---------- GIVEN INFORMATION ----------

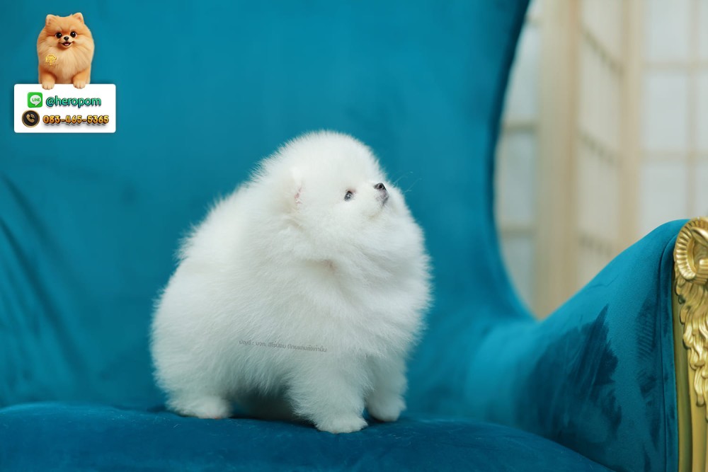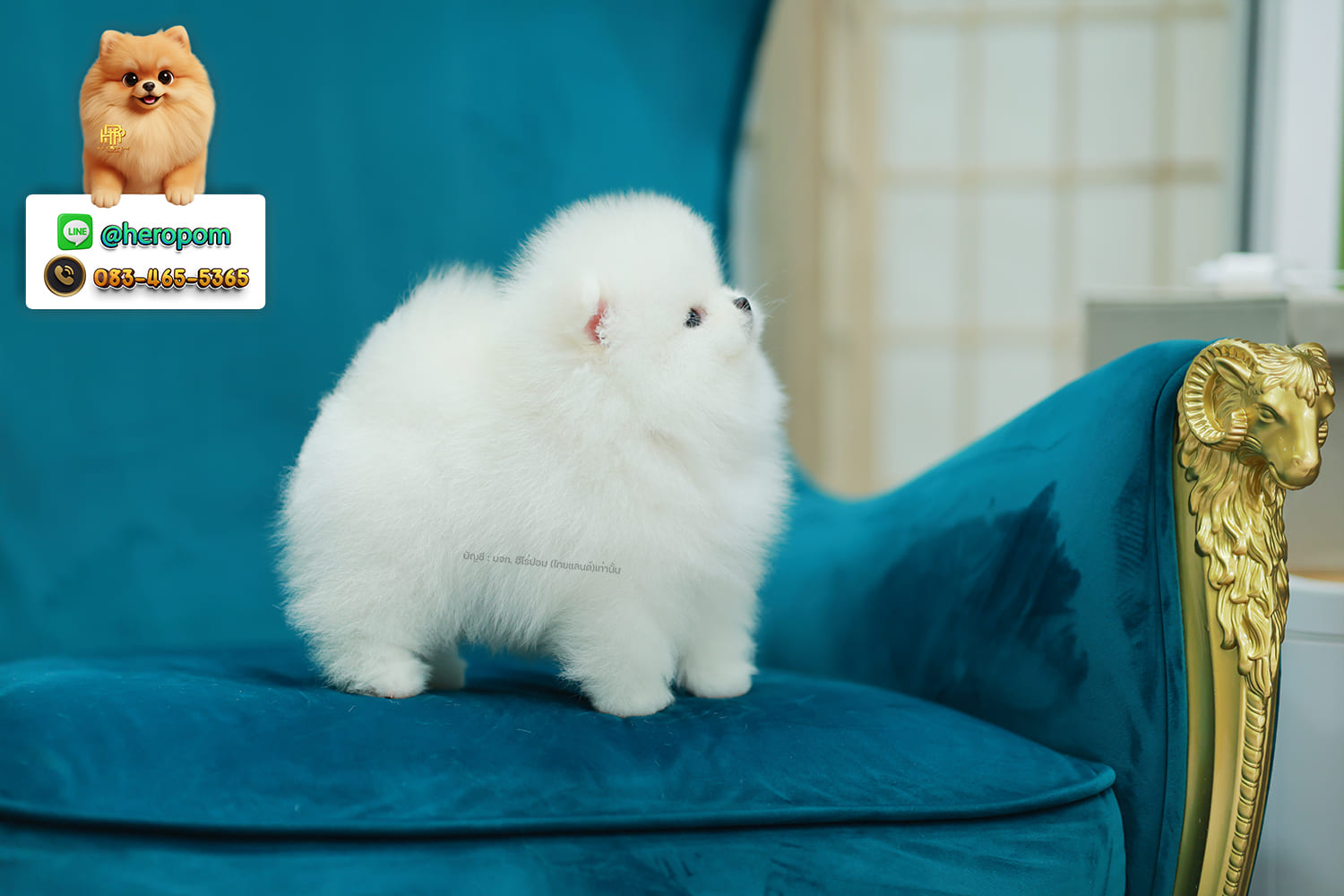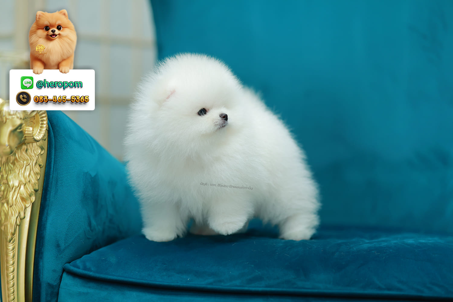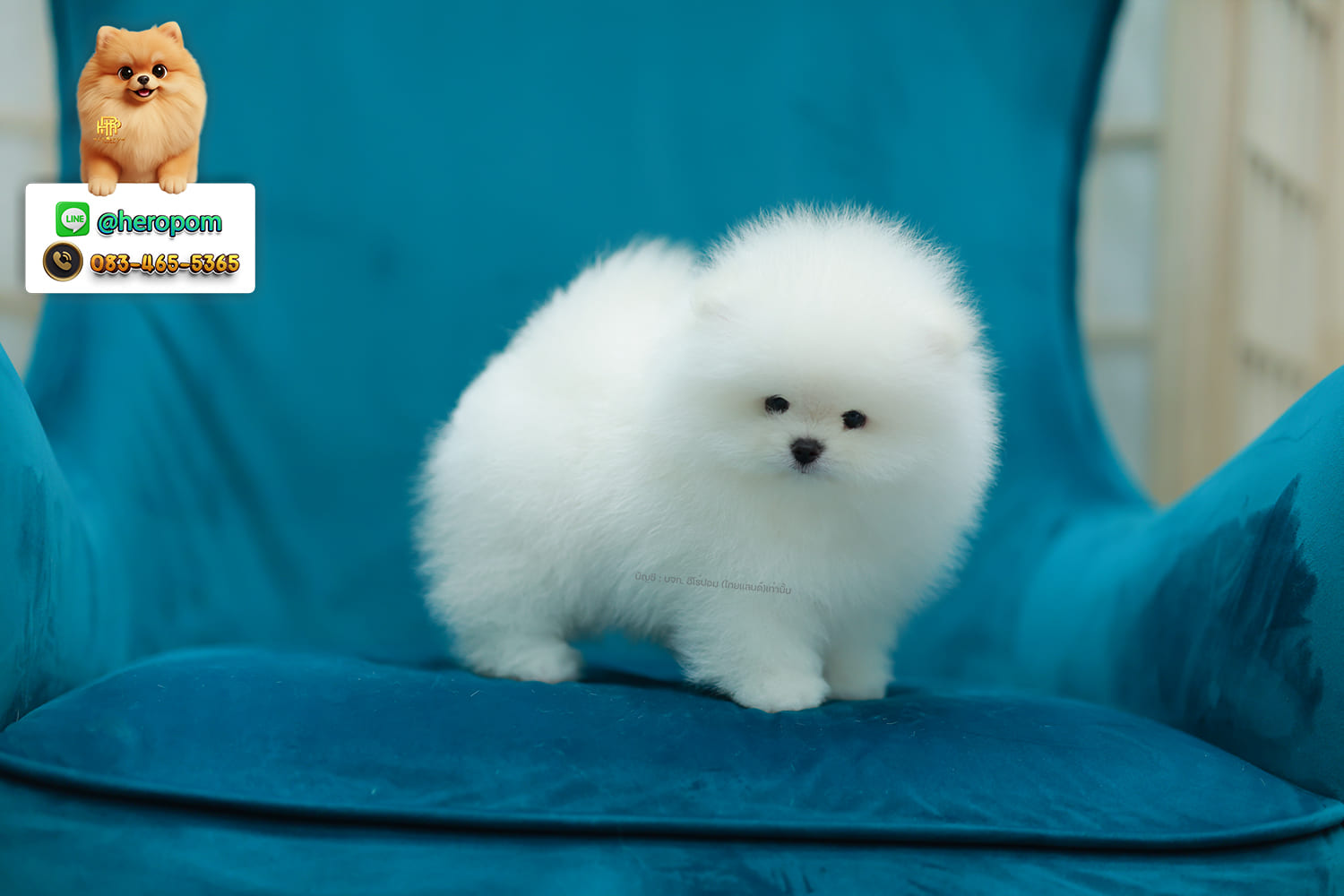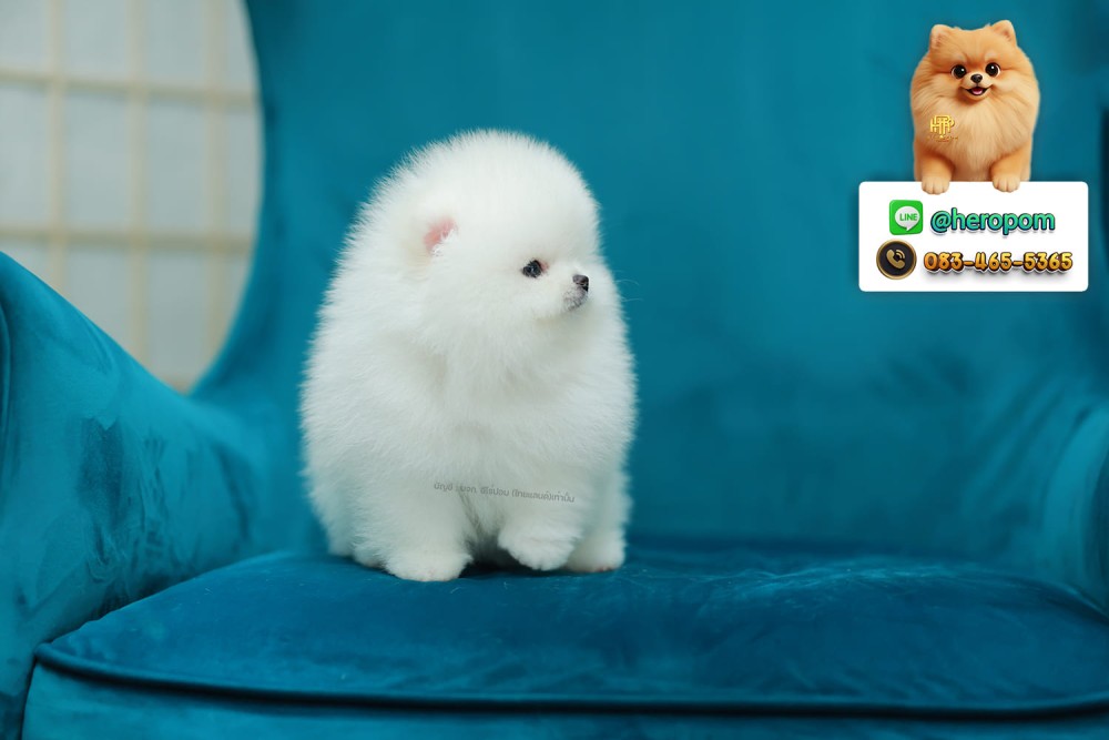 ปอมแท้ ปอมหน้าสั้น HRM-10565 เพศชาย สีขาว หนุ่มฮอต หน้าตาน่ารัก น่าเอ็นดูมาก ๆ แก้มนุ่ม ขาใหญ่ ขนแน่น พาราน่าร๊ากก มีใบรับรองจากสมาคมพัฒนาพันธุ์สุนัข (ใบเพ็ดดีกรีเต็มใบ) ส่งทั่วประเทศ
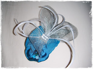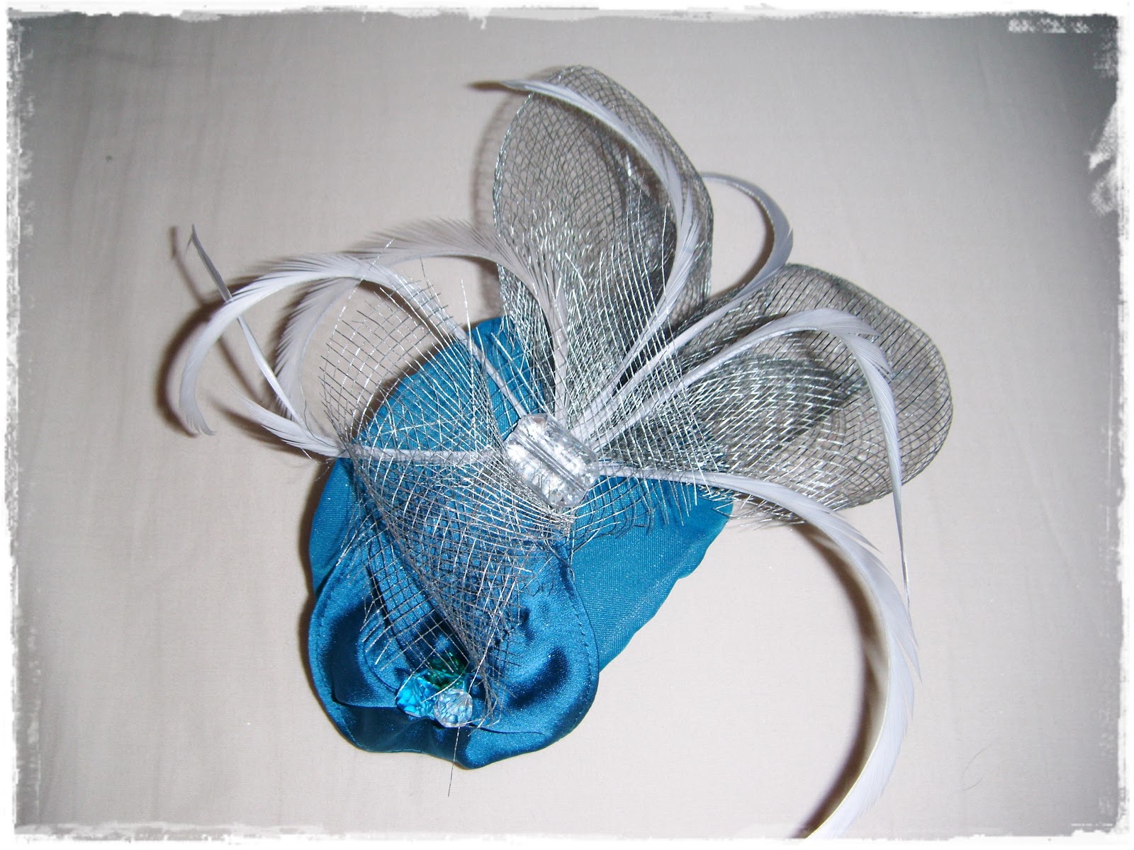 La base es de la misma tela del vestido en color agua marina y los adornos en plata
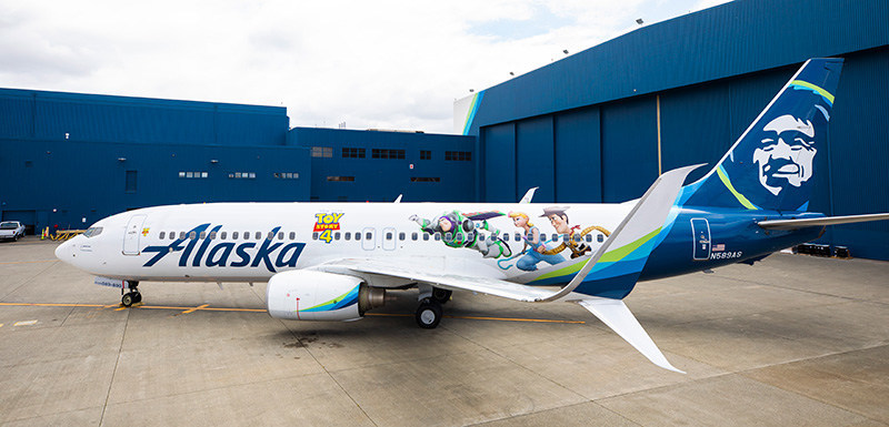Alaska Airlines gets ‘animated’ with themed aircraft featuring artwork from Disney and Pixar’s Toy Story 4.

----------

- [WHAT IS EXPECTED]: Where the line containing "La base es de" appears, begin writing out the lines word for word, and continue through the last line of the data, leaving out pictures.

- [RESULT OF THIS EXERCISE]:
 La base es de la misma tela del vestido en color agua marina y los adornos en plata
Alaska Airlines gets ‘animated’ with themed aircraft featuring artwork from Disney and Pixar’s Toy Story 4.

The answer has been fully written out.